Betty (born 30 November 1895) and Nancy Warner Debenham (born 1897) were English sisters, motorcyclists, and sports journalists. The sisters were heirs to the Debenhams department store fortune, and were both attached to the BSA works team.

== Motorcyclists ==

By 1923, the two were already well-known colourful figures, sometimes working as stunt riders to promote motorcycle sales at events such as the Olympia Motor Show. In 1924 Betty Debenham completed a 500-mile trial on a 1.25 horsepower motorcycle from London to York and back, and then to Brighton and back.

By 1926, they had both become formidable racers, and were competing in events across the country. They competed in their first trials in February, winning gold (Betty) and silver (Nancy) cups. Each earned a silver cup in August's London-to-Barnstaple trial, riding 2.25 horsepower BSA motorcycles. A few weeks later, Nancy Debenham came out on top in a 200-mile reliability trial organized by the London Motor Cycling Club involving about 40 riders, mostly men.

In 1929, the pair made a wager with racing driver Kaye Don that they could complete a 2,000 mile tour without spending any of their own money. They set off south from London in February, but were forced to turn back due to snow. Having already completed 600 miles in wintery conditions, and earned a few shillings helping stranded motorists, they headed north and encountered better weather. They made more money by posing for photographs and writing about their journey, and at one point delivered a tyre for a local garage in exchange for petrol and oil.

== Writers ==

In 1928, the Debenhams published a book entitled Motor-Cycling for Women. Based on their extensive experience, the slim book is part travel guide, part manual, and part shopping guide.

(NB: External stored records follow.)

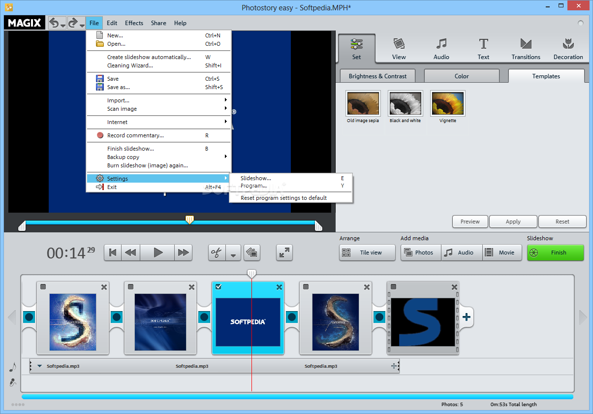 Once you have finished designing your project, it can be exported in multiple forms. You can encode it to MP4 or WMV and save it to your computer, or burn it directly to a DVD, Blu-ray disc or SD card. The program allows you to use templates, in order to add interactive DVD and Blu-ray player menus.
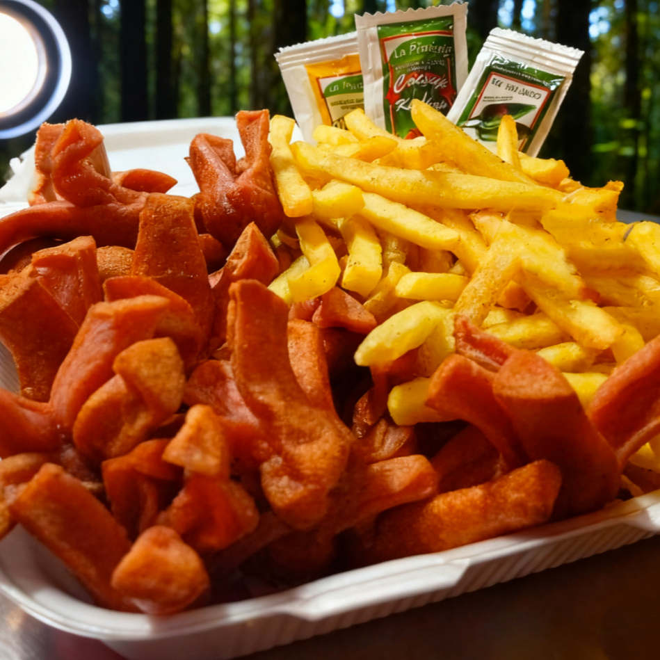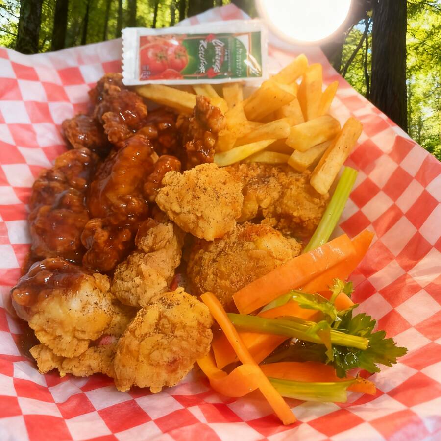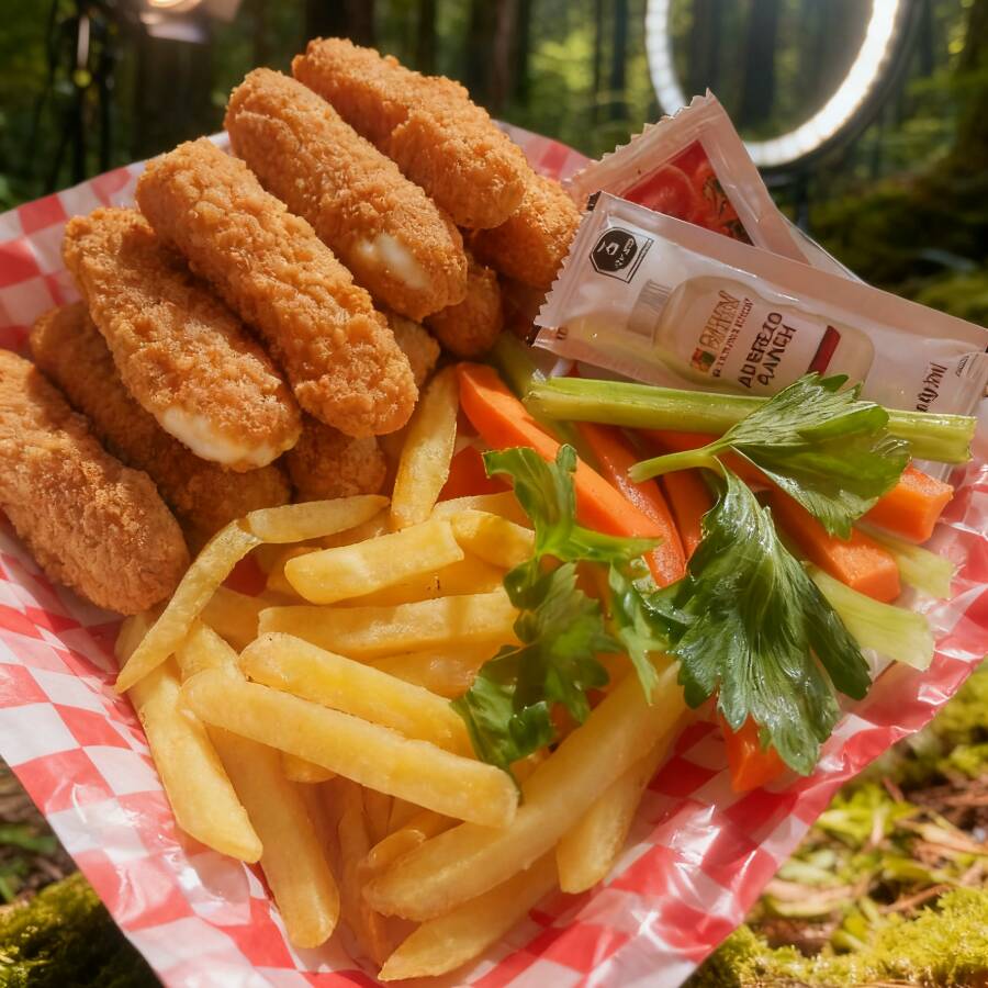 Boneless pollo/pechuga fritos con salsa a elección, 150 gms de papa francesa acompañados de zanahoria c/apio y ranch.
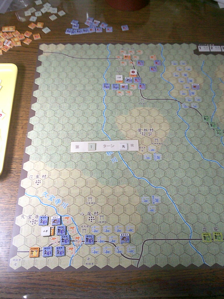 八尾方面でも、白兵戦で1ユニットを除去し、長宗我部隊の2ユニットを包囲下に。
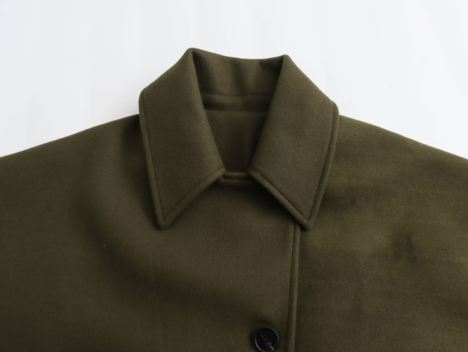 French woolen coat fashionable lapel blend short cape sleeve loose jacket
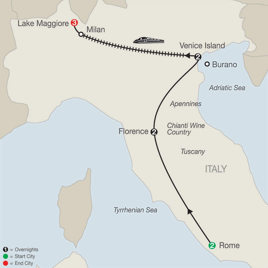 ROME A special welcome dinner at a local restaurant; guided sightseeing, visit the Colosseum and Roman Forum, the Vatican Museums and Sistine Chapel, St. Peter’s Square and BasilicaFLORENCE Guided walking tour, visit Michelangelo’s David and Signoria Square; [LF] a special dinner at Finisterrae restaurantVENICE Private boat ride, guided walking tour, visit St. Mark’s Square and Basilica, Doges’ Palace and the Bridge of Sighs; glassblower demonstration with exclusive gift; [LF] farewell drink at Caffé FlorianVENICE ISLAND-LAKE MAGGIOREby high-speed Eurostar TrainLAKE MAGGIOREGuided sightseeing and boat ride to Isola Bella to visit the baroque palace and peacock gardensHeadsets throughout the tour
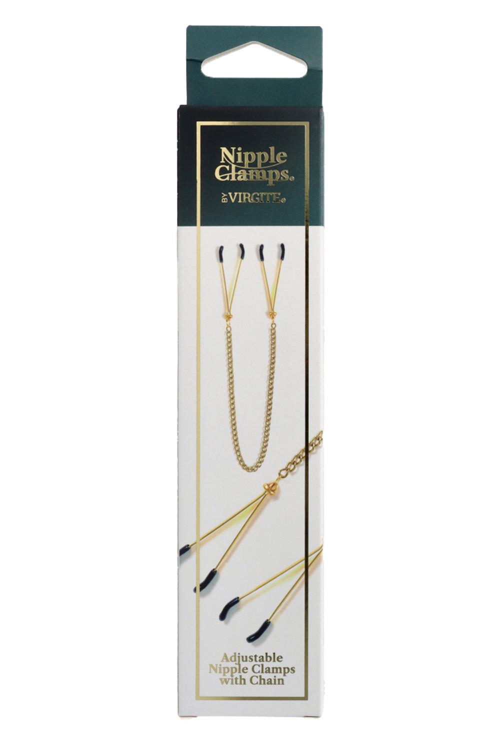 As sensual as they are dazzling, Virgite Nipple Clamps ignite passion in the nipples with a seductive and provocative pressure. The clamps get tighter by moving the ring up along the pinchers.
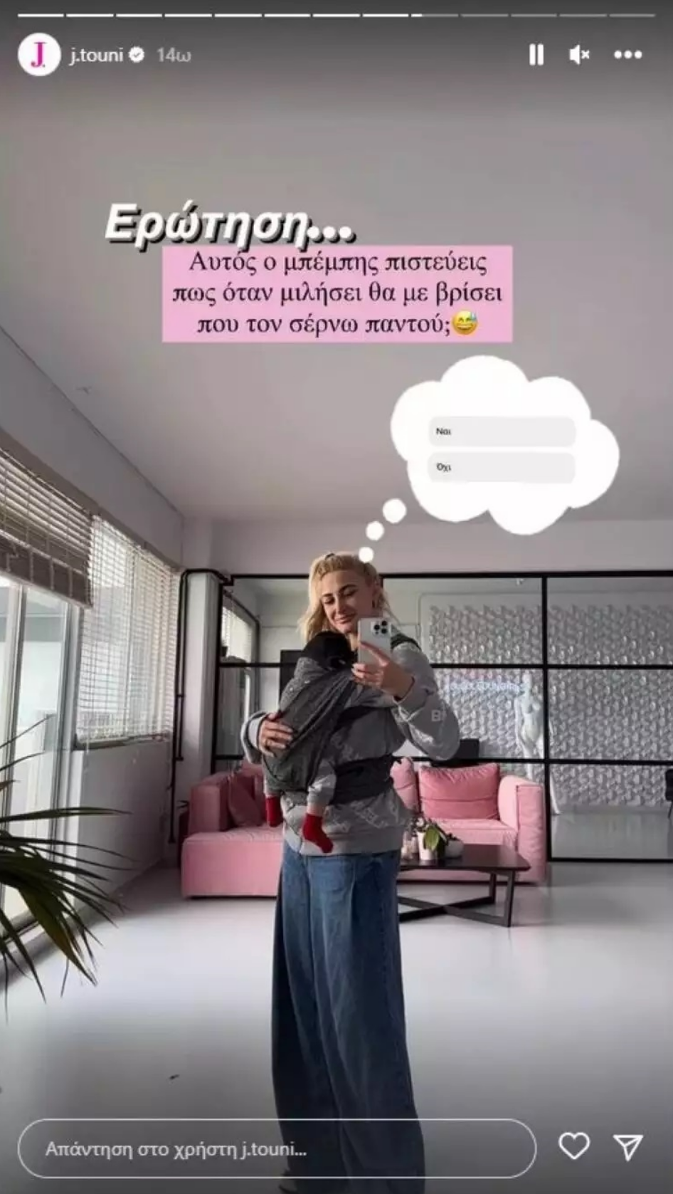 Προφανώς δεν θα μπορούσε να λείπει η Ιωάννα Τούνη από την συγκεκριμένη “λίστα” καθώς το παιδί της την συνοδεύει σχεδόν παντού. Δεν το αφήνει από τα μάτια της καθώς όπως και η ίδια έχει δηλώσει δεν υπάρχει κάποιο συγγενικό πρόσωπο κοντά ώστε να την βοηθήσει. Σε μια πρόσφατη ανάρτησή της μάλιστα δημοσίευσε ένα βίντεο όπου έχει επισκεφθεί την βιοτεχνία ρούχων της.
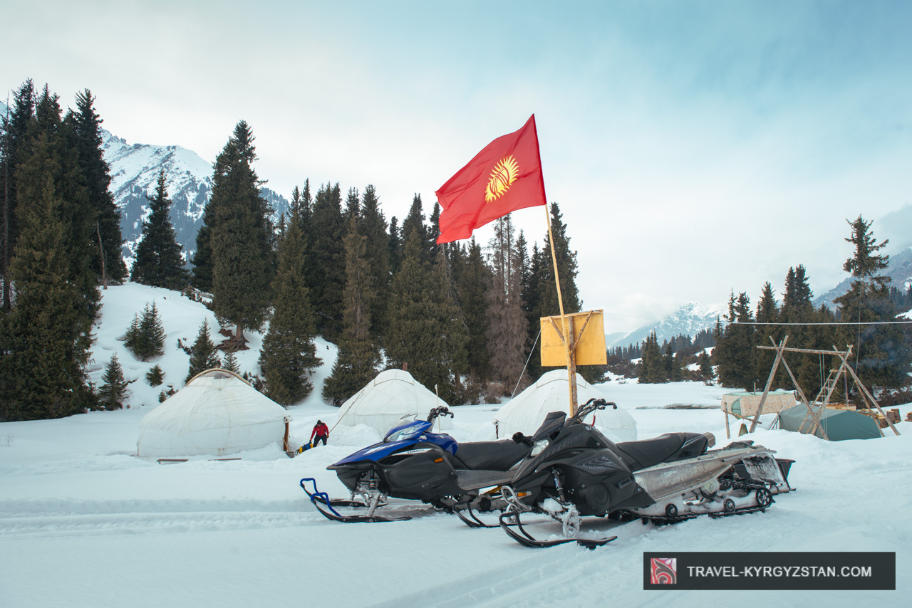 | Group and gear haul to the camp with snowmobiles | Bishkek-Karakol-Bishkek transfer (available on request) |

Motor-cycling is an ideal hobby for the tired business girl. She can seek health and pleasure during her precious week-ends by exploring the countryside and the seaside. She can gather her violets and primroses from the woods instead of buying them in jaded twopenny bunches, and her whole week-end's holiday need only cost her the price of her return fare to Brighton.
Betty Debenham was press secretary for the London Ladies' Motor Club.

== Later life ==

Betty Debenham went on to become a golf writer for the Daily Sketch and, in 1938, was a founding member of the Association of Golf Writers.